The three-finger salute from the Hollywood movie “The Hunger Games” is being used as a real symbol of resistance in Thailand. Protesters against the military coup are flashing the gesture as a silent act of rebellion, and they’re being threatened with arrest if they ignore warnings to stop.
Thailand’s military rulers said Tuesday they were monitoring the new form of opposition to the May 22 coup. Reporters witnessed the phenomenon and individuals were captured on film making the raised-arm salute.

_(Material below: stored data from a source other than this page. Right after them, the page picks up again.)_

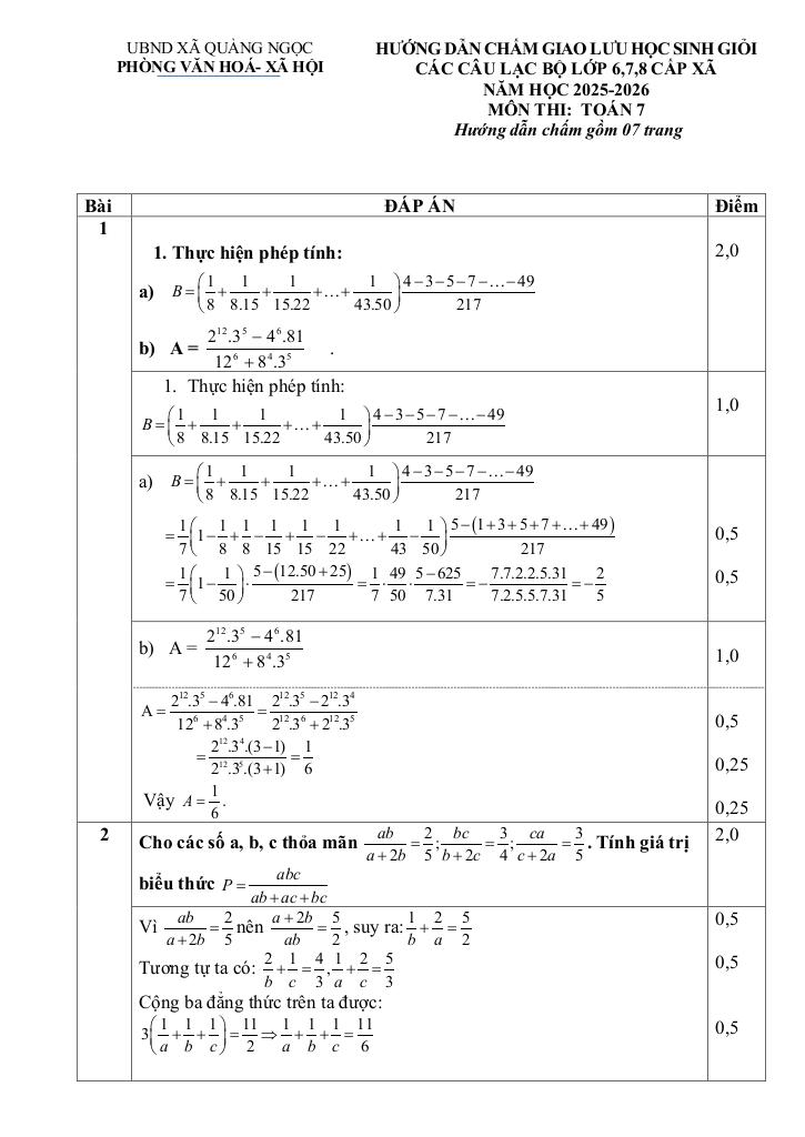 Giải Toán đề giao lưu hsg toán 7 năm 2025 – 2026 xã quảng ngọc – thanh hóa với Đáp Án Mới Nhất
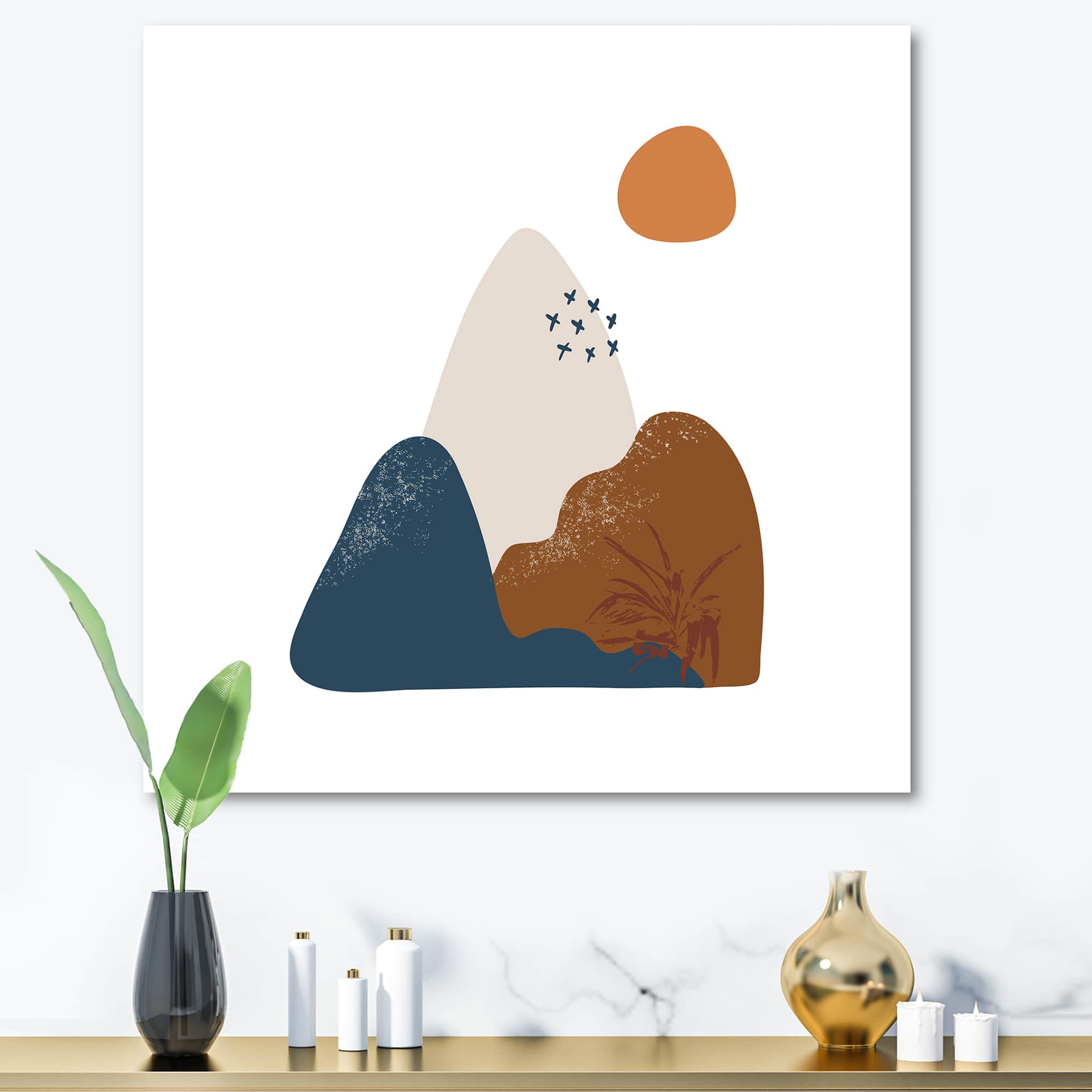 Designart - Abstract Flowers On Minimal Shapes VI - Modern Canvas Wall Art Print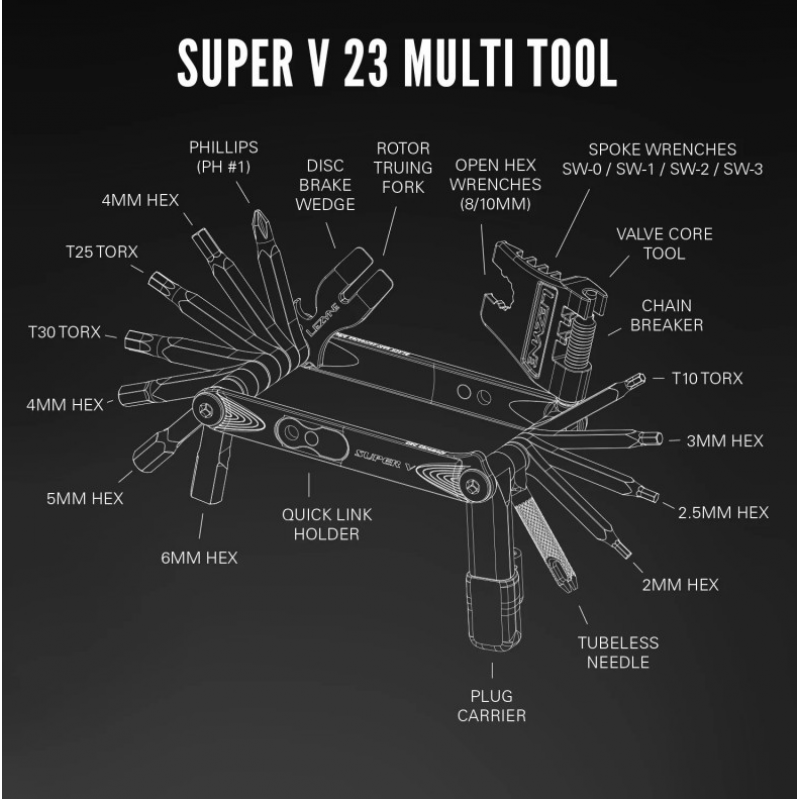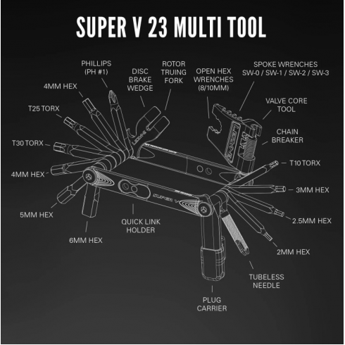 - SUPER V 22: HEX 2/2,5/3/4/5/6/8MM, TORX T10/T25/T30, PHILLIPS, CHAIN BREAKER, 8/10MM WRENCH, 4 SPOKE WRENCHES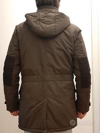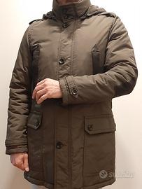 Come da titolo vendo giubotto invernale da uomo modello parka, colore verde scuro con inserti antracite, il cappuccio si può levare, usato in pochissime occasioni, taglia 48 in foto è indossato da persona alta Ht 180.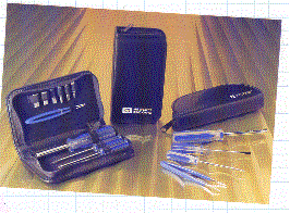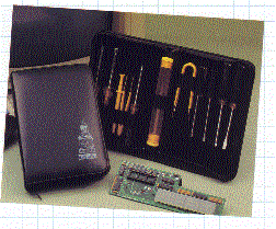 These are the perfect item for anyone in the computer technical or high-tech fields. Also useful in small businesses, educational instituitions and offices.. The kit on the left contains all the most needed tools for servicing other peripherals such as printers and other electronic equipment. The tools feature high impact plastic handles and chrome vanadium steel shafts. The kit has a 3/8" nut driver, 3/16" nut driver, 3 prong parts retriever, 4 3/4" tweezers, T-15 torx driver, IC extractor, 1/8" slotted screwdriver, 3/16" slotted screwdriver and plastics small parts tube with rubber caps.. The imprint area on the front of the case is 3" X 4". The minimum imprintable quantity is only 5. The picture on the right features two different kits. The one on the left has a 1/4" nut driver, 1/8" flast screwdriver, #0 Phillips screwdriver and tweezers in the 7" X 2" kit. The kit on the right features a bit driver handle, 1/8" flast screwdriver, #0 Phillips screwdriver, tweezers, and the following bits: #15 torx, 3/16" flast, #1Phillips, 1/4" socket adapter, 1/4" socket and 7/32" socket. The case is 7" X 3 1/2". Minimum imprintable quantity on both of these is also 5.

“Raising three fingers has become a symbol in calling for fundamental political rights,” said anti-coup activist Sombat Boonngam-anong on his Facebook page. He called on people to raise “3 fingers, 3 times a day” — at 9 a.m., 1 p.m. and 5 p.m. — in safe public places where no police or military are present.
Since staging its bloodless coup, the military has prohibited political gatherings of more than five people and tried to enforce a ban on criticism of the coup by closing politically affiliated television stations and blocking hundreds of websites.
On Sunday, authorities deployed nearly 6,000 soldiers and police in Bangkok to prevent planned protests against the coup. Amid the heavy security, small flash mobs appeared in a central shopping district where the salute was unveiled for the first time.
"At this point we are monitoring the movement," said Colonel Weerachon Sukhondhapatipak, a spokesman for the ruling junta.
"If it is an obvious form of resistance, then we have to control it so it doesn't cause any disorder in the country. We know it comes from the movie, and let’s say it represents resistance against the authorities.
“If a single individual raises three fingers in the air, we are not going to arrest him or her,” he said. “But if it is a political gathering of five people or more, then we will have to take some action.”
In “The Hunger Games” movie series and book trilogy, the salute symbolizes rebellion against totalitarian rule, signifying thanks, admiration and goodbye to a loved one. But Thai protesters gave varying explanations. Some cited the French Revolution’s trinity of values: liberty, equality, fraternity. Others said it means freedom, election and democracy.
A photo montage circulating online paired a picture from “The Hunger Games” with a graphic of three fingers labeled, 1. No Coup, 2. Liberty, 3. Democracy.
While the strife-imitating-art nature of the phenomenon is extraordinary, it’s not unprecedented. Other examples of pop culture symbols being used to express political sentiments include Occupy protesters wearing the Guy Fawkes mask from the “V for Vendetta” movie.
The practice of tying a yellow ribbon as a symbol of support for hostages, missing soldiers or prisoners was popularized in part by the song “Tie a Yellow Ribbon Round the Ole Oak Tree” that topped the charts in 1973.
Human Rights Watch’s Asia director Brad Adams decried the junta’s threat against the peaceful salute, saying that the “Thai military’s assault on basic human rights has apparently grown to not only target peaceful protesters, but now also silent ones as well — since now just holding up an arm with a three-finger salute is enough to earn the junta’s ire.”